Russell Clayton, a doctoral student in the University of Missouri School of Journalism, and his colleagues at the University of Hawaii at Hilo and St. Mary's University in San Antonio surveyed 205 Facebook users between the ages of 18 and 82 -- 79 percent of whom reported being in a romantic relationship -- about their use of the social media site and whether or not it had instigated conflict with their current or former partners.
“Previous research has shown that the more a person in a romantic relationship uses Facebook, the more likely they are to monitor their partner’s Facebook activity more stringently, which can lead to feelings of jealousy,” Clayton said. “Facebook-induced jealousy may lead to arguments concerning past partners. Also, our study found that excessive Facebook users are more likely to connect or reconnect with other Facebook users, including previous partners, which may lead to emotional and physical cheating.”
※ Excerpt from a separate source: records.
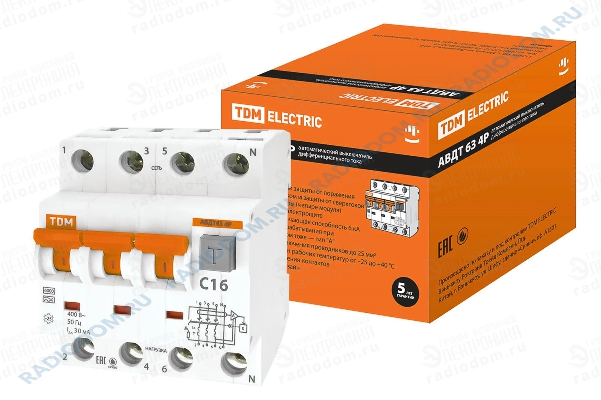 Автоматический выключатель дифференциального тока 4Р 16А 30мА АВДТ63 х-ка С TDM ELECTRIC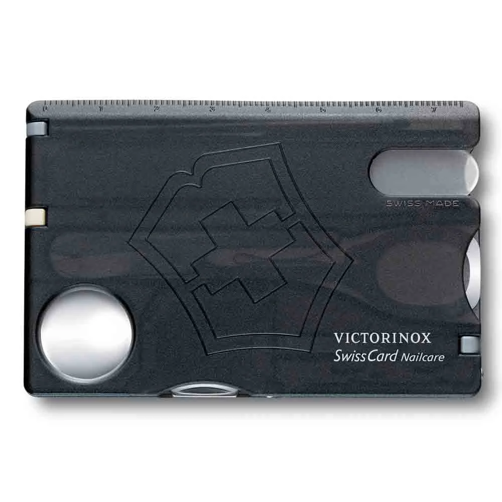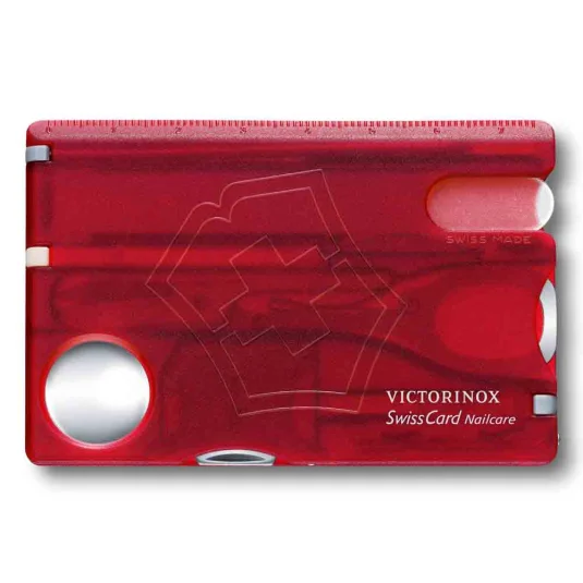 Die SwissCard Nailcare im praktischen Kreditkartenformat verblüfft mit 13 Funktionen, darunter eine Glasnagelfeile. Für das Kürzen der Fingernägel eignet sich die enthaltene Schere. Mit der Glasnagelfeile werden die Nägel anschliessend nachgeschliffen, um eine feine Kante zu erzielen.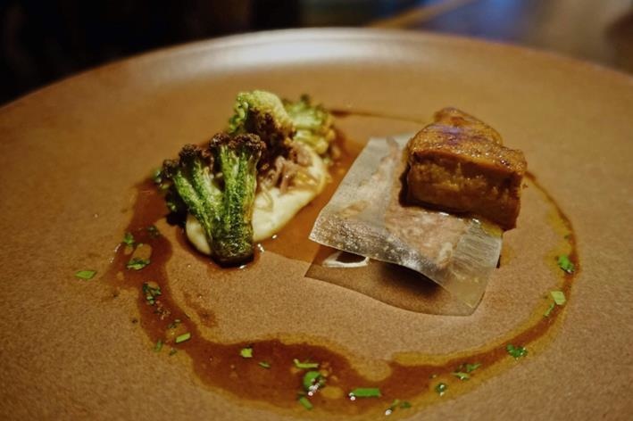 鴨肉其實就是在白昆布下面,非常小一塊,兩口分量左右吧.鴨肝還是一個我不吃的東西…冰涼的白昆布讓小小的鴨胸肉只剩下餘溫…綠花椰加白花椰泥的作法,沒甚麼創意可言…唯一令人讚賞的應該是用BASAMICO醋跟鴨油調製的醬汁了..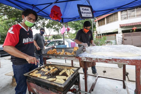 Peniaga, Mohd Rahmat Mad Saleh, 30 sedang mengoreng cakoi ketika tinjauan Media Selangor di Seri Rampai, Kuala Lumpur pada 6 Februari 2021. Foto HAFIZ OTHMAN/SELANGORKINI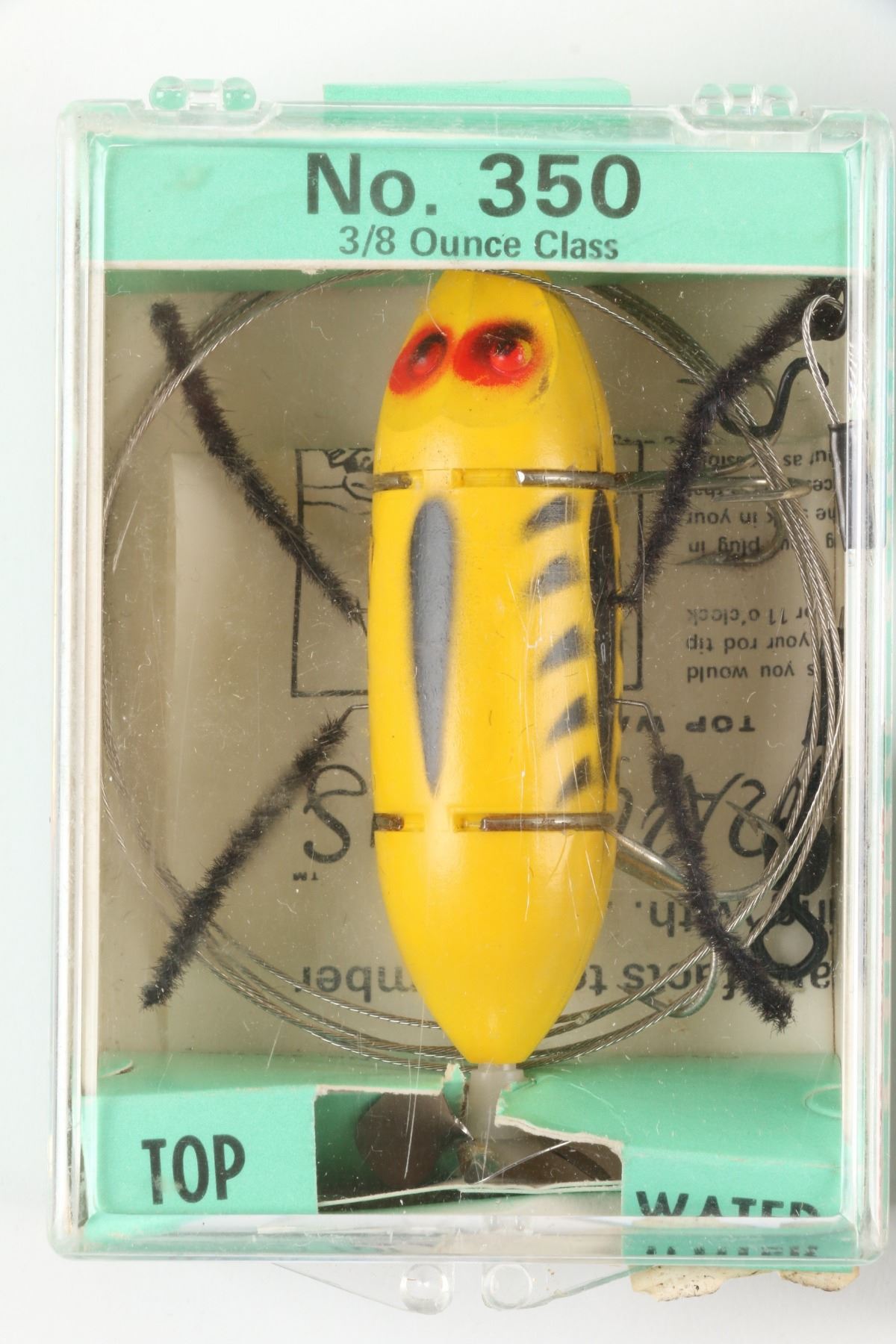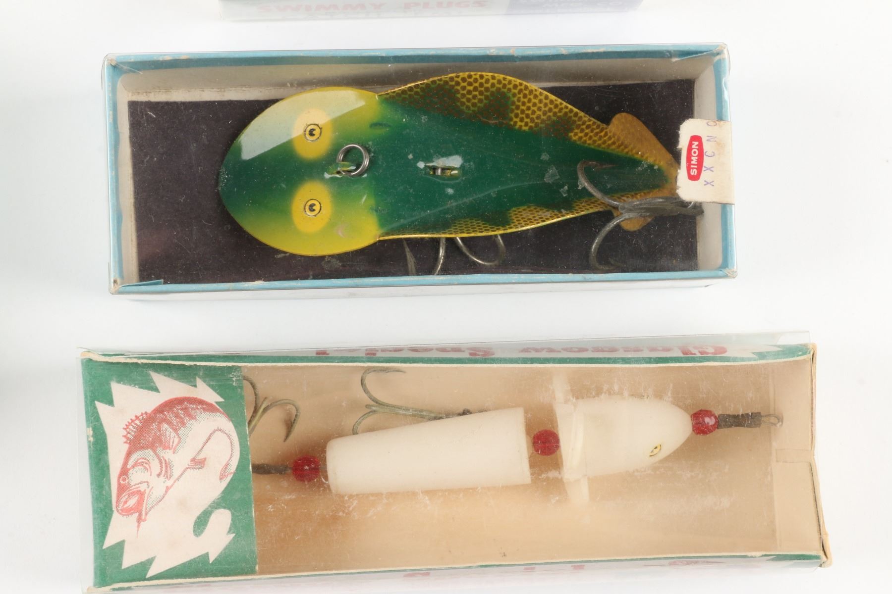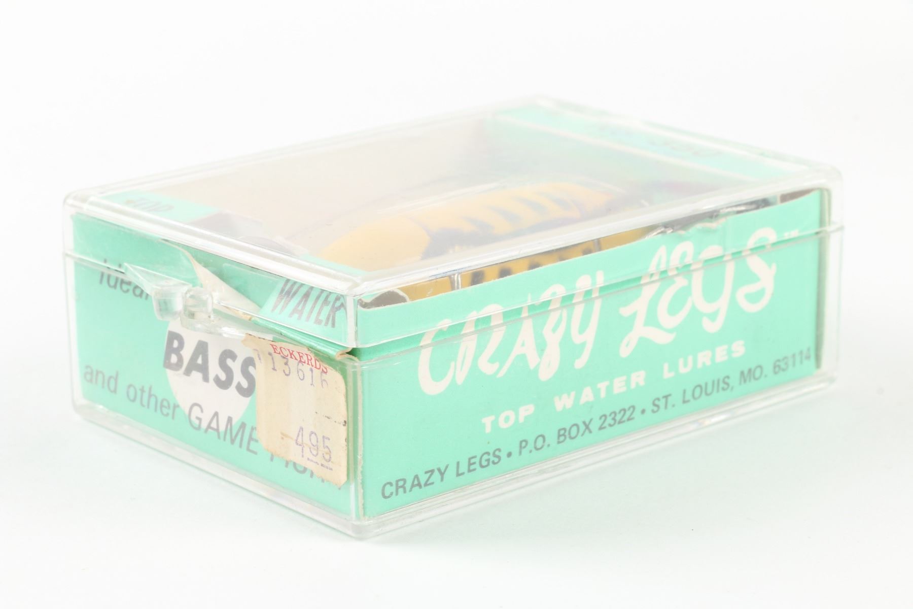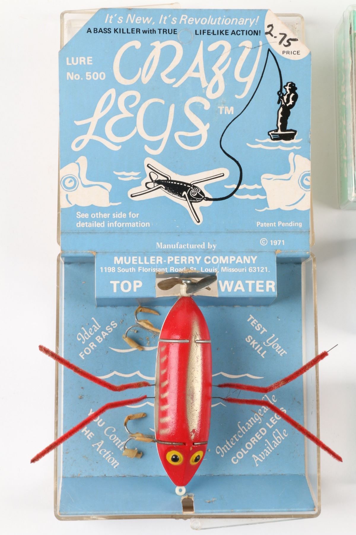Swimmy Plugs, Crazy Legs, Glasgow Special, Spoonplug, United States. Boxed. Material: Mixed. Quantity: 5. Grade: VG. 3" - 4.5" Est. $75-100.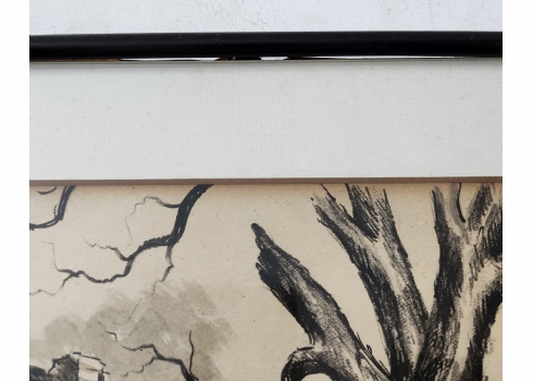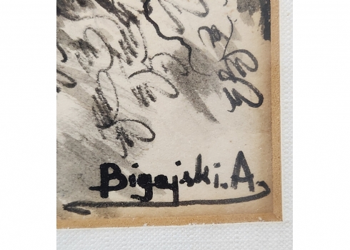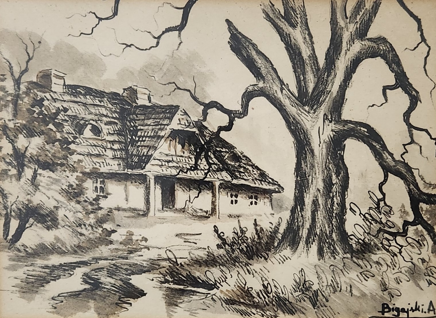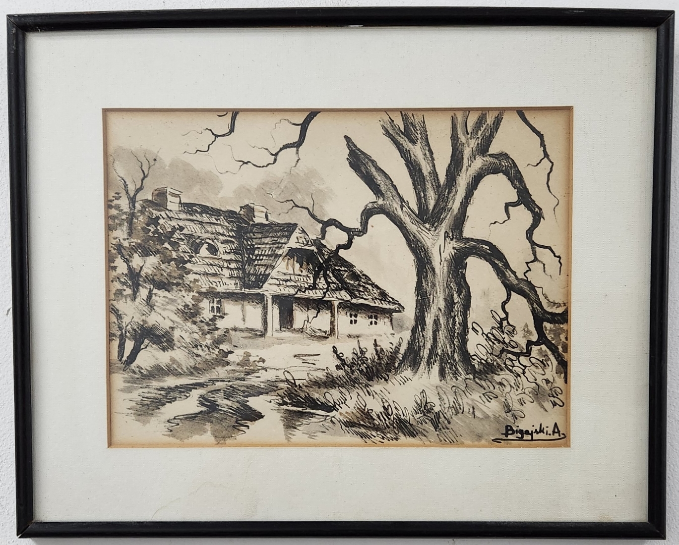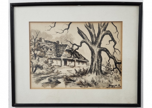 'הבית של האלמנה בלנקה שמפלינסקה' - ציור פולני ישן, רישום ואקוורל על נייר, חתום, מידות: 23X32 ס"מ, מידות המסגרת: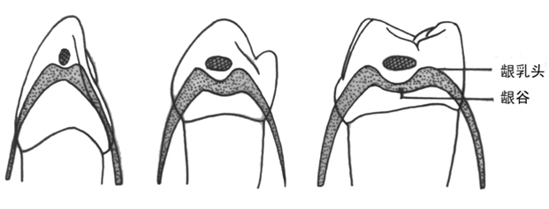 牙龈呈锥体状充填于邻近两牙的牙间隙部分称牙间乳头(interdentalpapilla),也称龈乳头。在后牙,颊侧和舌(腭)侧龈乳头顶端位置高,在牙邻面接触点下相互连接处低平凹下,像山谷故称龈谷(gingivalcol)。在前磨牙区龈谷底形如楔形,在后牙区变为低平。由于该处不易清洁,易形成菌斑和牙石。龈谷易受到炎症刺激,牙间区牙龈炎的发生率明显高于其他部位。在老年和疾病情况下,牙间乳头退缩而将牙间隙显露出来,可引食物嵌塞,导致牙周炎的发生。

The correlation was strongest among newer relationships; Clayton told Huffington Post Divorce via e-mail that "high levels of Facebook use is associated with negative relationship outcomes for newer couples (three years or less)."
He recommends limiting Facebook usage in order to achieve a healthy, lasting relationship.
Clayton said, “Cutting back to moderate, healthy levels of Facebook usage could help reduce conflict, particularly for newer couples who are still learning about each other."
It's not the first time Facebook has been linked to divorce. In 2012, divorce lawyers surveyed by Divorce-Online UK said that the social network was implicated in a third of all divorce filings the previous year.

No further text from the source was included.